- Opening Delimiter -
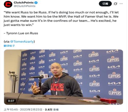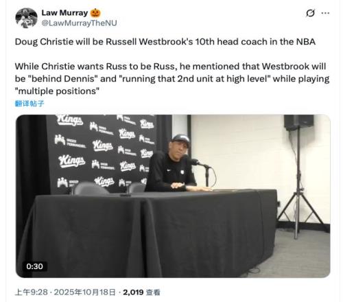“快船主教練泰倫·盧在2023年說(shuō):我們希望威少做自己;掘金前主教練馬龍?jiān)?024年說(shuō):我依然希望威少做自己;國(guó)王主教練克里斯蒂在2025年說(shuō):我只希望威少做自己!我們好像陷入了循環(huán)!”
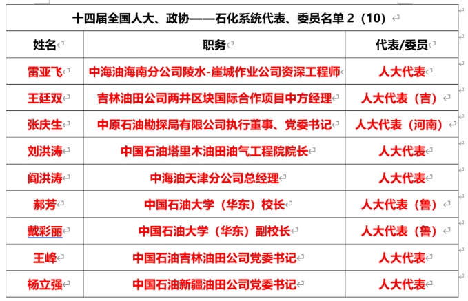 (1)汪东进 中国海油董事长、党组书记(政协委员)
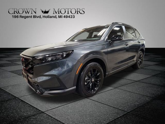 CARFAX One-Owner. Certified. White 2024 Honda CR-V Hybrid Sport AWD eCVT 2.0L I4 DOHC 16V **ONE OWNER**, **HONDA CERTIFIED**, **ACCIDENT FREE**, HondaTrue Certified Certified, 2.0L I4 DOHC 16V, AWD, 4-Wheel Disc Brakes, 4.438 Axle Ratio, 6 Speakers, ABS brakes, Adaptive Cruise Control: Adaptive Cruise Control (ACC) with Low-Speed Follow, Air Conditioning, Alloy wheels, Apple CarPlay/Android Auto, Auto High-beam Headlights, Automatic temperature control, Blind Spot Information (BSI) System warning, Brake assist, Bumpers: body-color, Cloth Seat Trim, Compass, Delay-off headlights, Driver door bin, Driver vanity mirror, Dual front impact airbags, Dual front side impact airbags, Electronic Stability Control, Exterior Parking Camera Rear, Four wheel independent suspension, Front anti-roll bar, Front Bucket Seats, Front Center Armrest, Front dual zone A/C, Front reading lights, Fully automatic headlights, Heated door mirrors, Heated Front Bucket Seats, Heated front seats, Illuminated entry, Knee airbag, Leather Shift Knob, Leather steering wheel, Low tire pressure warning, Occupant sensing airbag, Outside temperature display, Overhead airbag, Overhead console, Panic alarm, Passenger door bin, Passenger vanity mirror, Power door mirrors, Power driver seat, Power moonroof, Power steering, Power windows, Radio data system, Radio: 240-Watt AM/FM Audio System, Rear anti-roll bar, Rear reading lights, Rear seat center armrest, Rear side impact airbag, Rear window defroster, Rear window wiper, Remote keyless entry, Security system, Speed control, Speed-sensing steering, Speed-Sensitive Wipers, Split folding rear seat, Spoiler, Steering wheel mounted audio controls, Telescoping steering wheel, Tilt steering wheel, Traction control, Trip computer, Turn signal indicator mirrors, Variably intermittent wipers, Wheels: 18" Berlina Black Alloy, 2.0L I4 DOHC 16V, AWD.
- Closing Delimiter -
- Opening Delimiter -
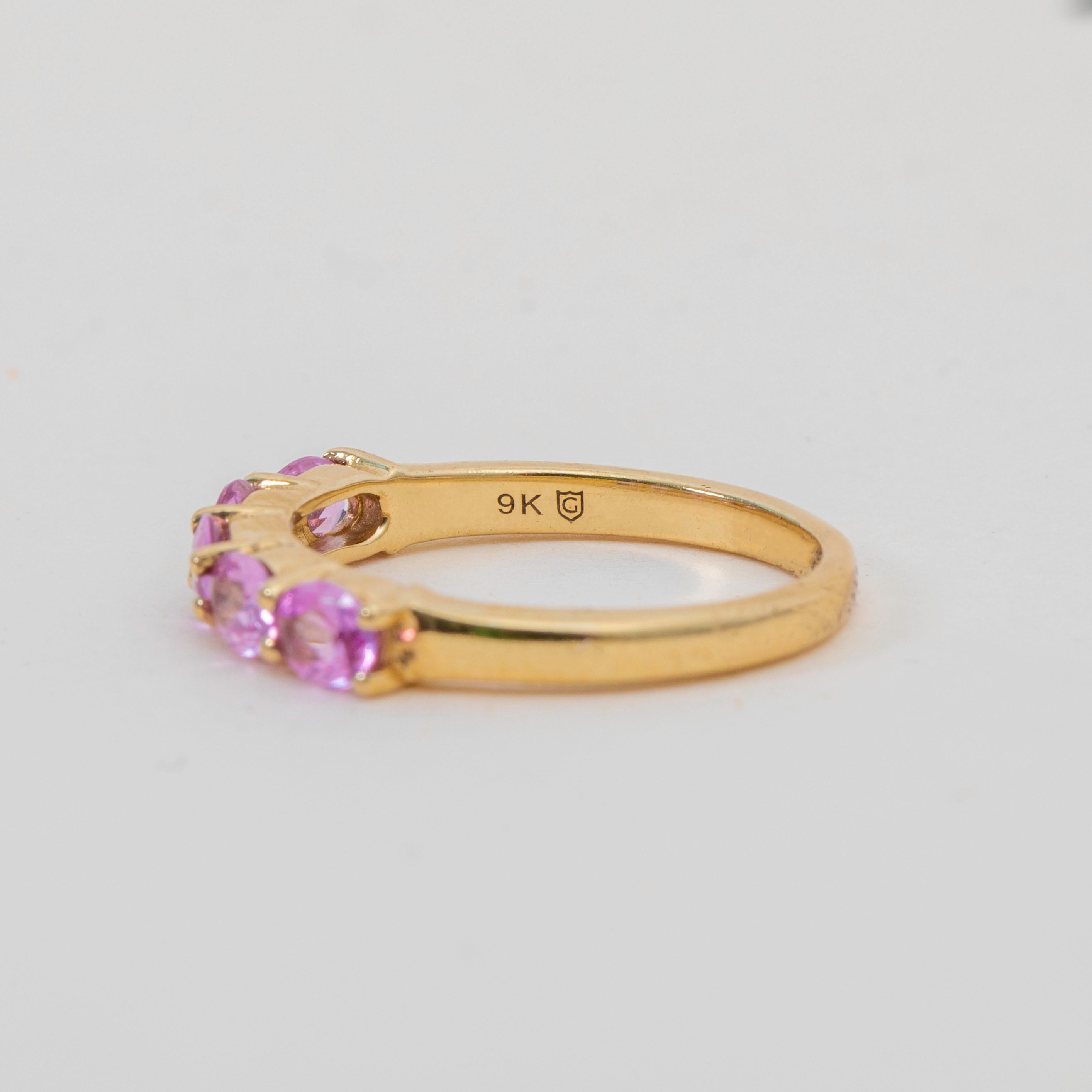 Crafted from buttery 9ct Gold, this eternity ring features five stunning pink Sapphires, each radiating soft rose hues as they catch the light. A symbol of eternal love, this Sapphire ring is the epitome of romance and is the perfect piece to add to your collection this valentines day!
- Closing Delimiter -
- Opening Delimiter -
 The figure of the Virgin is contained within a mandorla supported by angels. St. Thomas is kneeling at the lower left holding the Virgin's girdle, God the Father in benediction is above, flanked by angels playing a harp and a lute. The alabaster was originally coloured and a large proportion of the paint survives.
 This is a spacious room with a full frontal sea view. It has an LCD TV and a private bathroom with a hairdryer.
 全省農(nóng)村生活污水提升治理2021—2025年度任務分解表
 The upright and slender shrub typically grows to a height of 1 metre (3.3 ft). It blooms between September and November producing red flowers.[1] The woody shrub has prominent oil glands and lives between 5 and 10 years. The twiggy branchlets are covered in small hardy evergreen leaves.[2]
- Closing Delimiter -
**Task statement**: Going down the listing above, begin printing at the line with "The figure of" and finish with the line with "The upright and", exactly as they appear.

**Task result**:
 The figure of the Virgin is contained within a mandorla supported by angels. St. Thomas is kneeling at the lower left holding the Virgin's girdle, God the Father in benediction is above, flanked by angels playing a harp and a lute. The alabaster was originally coloured and a large proportion of the paint survives.
 This is a spacious room with a full frontal sea view. It has an LCD TV and a private bathroom with a hairdryer.
 全省農(nóng)村生活污水提升治理2021—2025年度任務分解表
 The upright and slender shrub typically grows to a height of 1 metre (3.3 ft). It blooms between September and November producing red flowers.[1] The woody shrub has prominent oil glands and lives between 5 and 10 years. The twiggy branchlets are covered in small hardy evergreen leaves.[2]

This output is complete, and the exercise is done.